Good Morning, Boys (1937) on IMDb

Will Hay was a big deal in the UK in the 1930s. In 1937, when he made Good Morning, Boys, British film exhibitors voted him the 4th-best box office draw. His signature character was a jocular schoolmaster, and in this movie he brings his pupils to Paris where they outwit a gang of crooks.

I had never heard of this movie or Will Hay before I began compiling this list. Even Leonard Maltin failed to mention most Hay movies, including this one. Finding gold like this and sharing it with you is, for me, the best part of compiling the Internet Archive Top 100.

 Clancy Street Boys (1943) on IMDb

The movies of the East Side Kids and Bowery Boys illustrate a drawback to relying on IMDb rankings alone. The site’s users review only the movies they’ve seen, and once they’ve seen an East Side Kids movie or two, they know whether they want to see more. The enthusiastic supporters who like the group would have packed the Internet Archive Top 100 with several examples.

Tempered by Leonard Maltin’s ratings, it’s easier to list only the best-ranked East Side Kids movie, Clancy Street Boys. In this entry, Muggs recruits the rest of the gang to be his siblings so his visiting rich uncle will see the seven kids Muggs’ dad said he had. If you want to see more of Leo Gorcey, Huntz Hall et al, the Archive has you covered.

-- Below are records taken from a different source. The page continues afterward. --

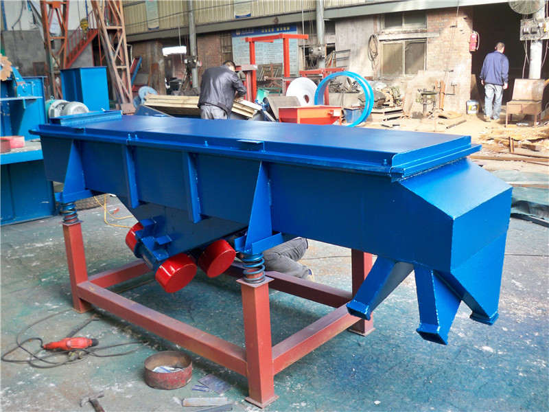 直線振動篩采用雙振動電機驅動,當兩臺振動電機做同步、反向旋轉時,其偏心塊所產(chǎn)生的激振力在平行于電機軸線的方向相互抵消,在垂直于電機軸的方向疊為一合力,因此篩機的運動軌跡為一直線。其兩電機軸相對篩面有一傾角,在激振力和物料自重力的合力作用下,物料在篩面上被拋起跳躍式向前作直線運動,從而達到對物料進行篩選和分級的目的??捎糜诹魉€中實現(xiàn)自動化作業(yè)。具有能耗低、效率高、結構簡單、易維修、全封閉結構無粉塵溢散的特點。篩分目數(shù)400目,可篩分出7種不同粒度的物料。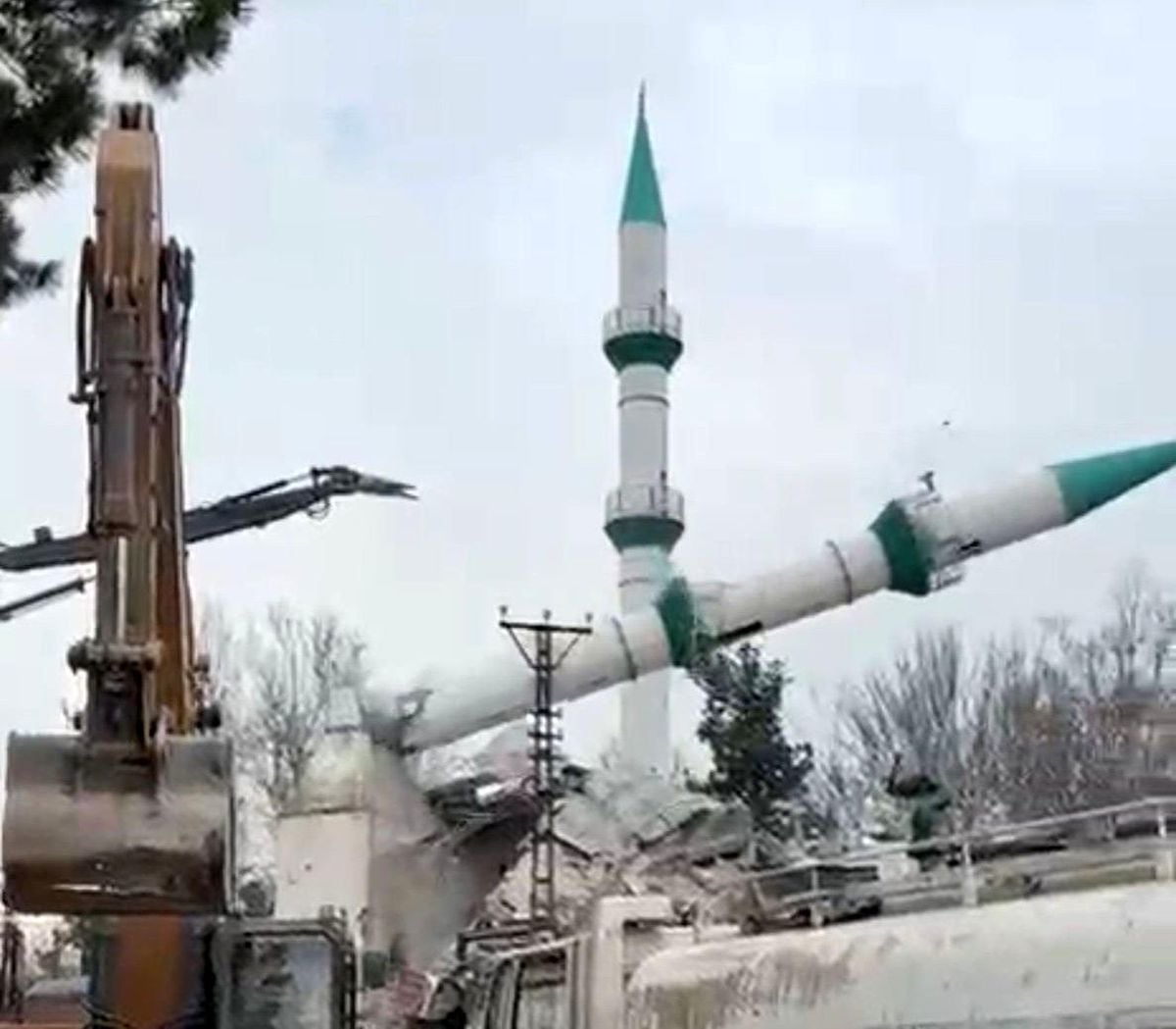 Malatya'da Deprem Hasarlı Sanayi Camii Kontrollü Şekilde Yıkıldı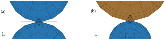 The selection of mesh element types adopts the 8-node hexahedral linear reduced integration element C3D8R. The working rolls and support rolls are partitioned using the method of locally dividing the artificial sketch. The size of the boundary elements is the same as that of the slab, while the internal mesh elements are larger. The contact surface between the working roll and support roll, as well as the boundary mesh of the steel strip, are locally refined to improve the computational accuracy. In Figure 14a,b show the mesh between the working roll and the strip, and between the working roll and the support roll. Furthermore, a set of nodes on the upper surface of the cross-section in the middle of the contour node collection of the slab is selected and created in the components for output analysis. The key parameters for the rolls and steel strip are shown in Table 3.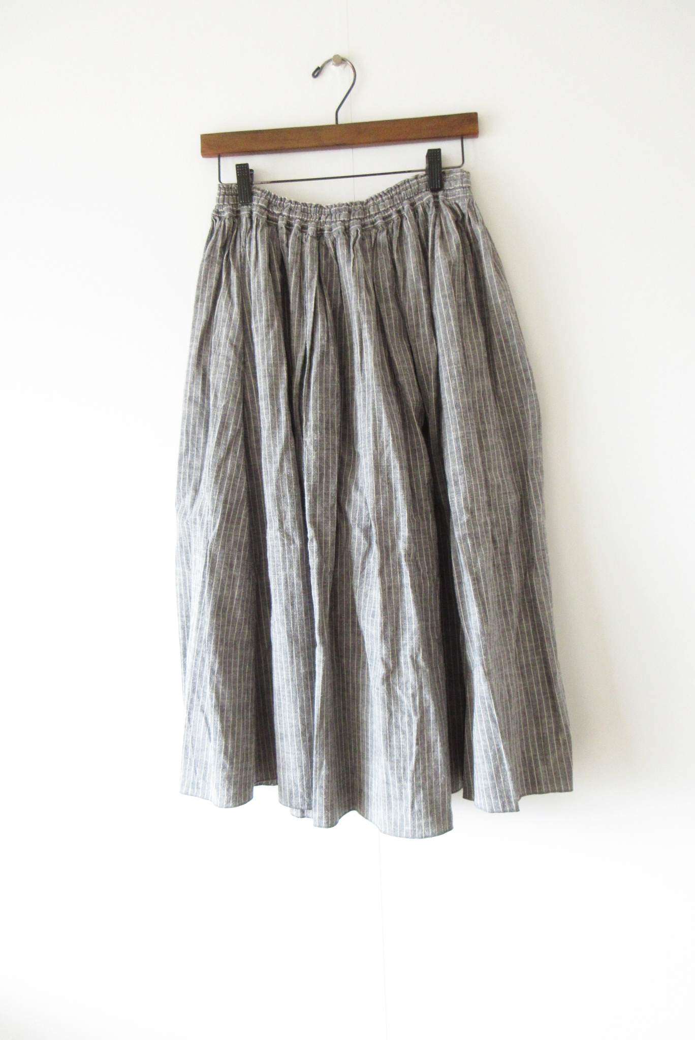 HUIS:U402-0226 シーチングコットンロングスカート F GRAY STRIPE

 I Love Trouble (1948) on IMDb


There’s no shortage of Alfred Hitchcock movies in the Internet Archive’s Feature Films collection, nor in the IA Top 100. In Sabotage, Sylvia Sidney stars as the unwitting accomplice to her husband, who meets with his gang of foreign saboteurs in his cinema in London. A Scotland Yard detective goes undercover in a shop next door.

It’s tough to spot Hitchcock’s cameo in this one. It comes early, when he looks up just after the lights come up in front of the theater. The cartoon excerpt in the cinema near the end of the movie was from Who Killed Cock Robin?, a Silly Symphony by Walt Disney Studios.

 I Love Trouble (1948) on IMDb

One of the best-represented, critically acclaimed genres in the Internet Archive’s Feature Films collection is film noir, and this is the first example on this list. (Or the last example, if you’re reading 1 to 100.) Franchot Tone plays LA detective Stuart Bailey, the same character who would be the hero of the 1958 TV series 77 Sunset Strip.

In I Love Trouble, Bailey is hired by a wealthy man to investigate his missing wife’s background. Bailey pulls at the threads of information until he gets tangled up in at least one murder. It’s noir, which means that no one can be trusted, and I’ll leave it at that. The quality of the print starts out rough but quickly improves enough to keep this movie in the IA Top 100.

 The Light of Western Stars (1930) on IMDb

The Internet Archive’s Feature Film collection includes a lot of relatively short westerns from the first couple of decades of talking pictures. Winning the West, also known as The Light of Western Stars, is the best-rated of that multitude, so it’s the lone representative in the IA Top 100.

Richard Arlen stars as an embittered ranch foreman who wants revenge against the bad guys who killed his buddy. The dead buddy’s wife arrives to take over the ranch, Arlen makes a bad first impression, and everything sorts itself out quickly, since the movie is less than 70 minutes long. If you like this one, there are hundreds more from the genre available in the same place.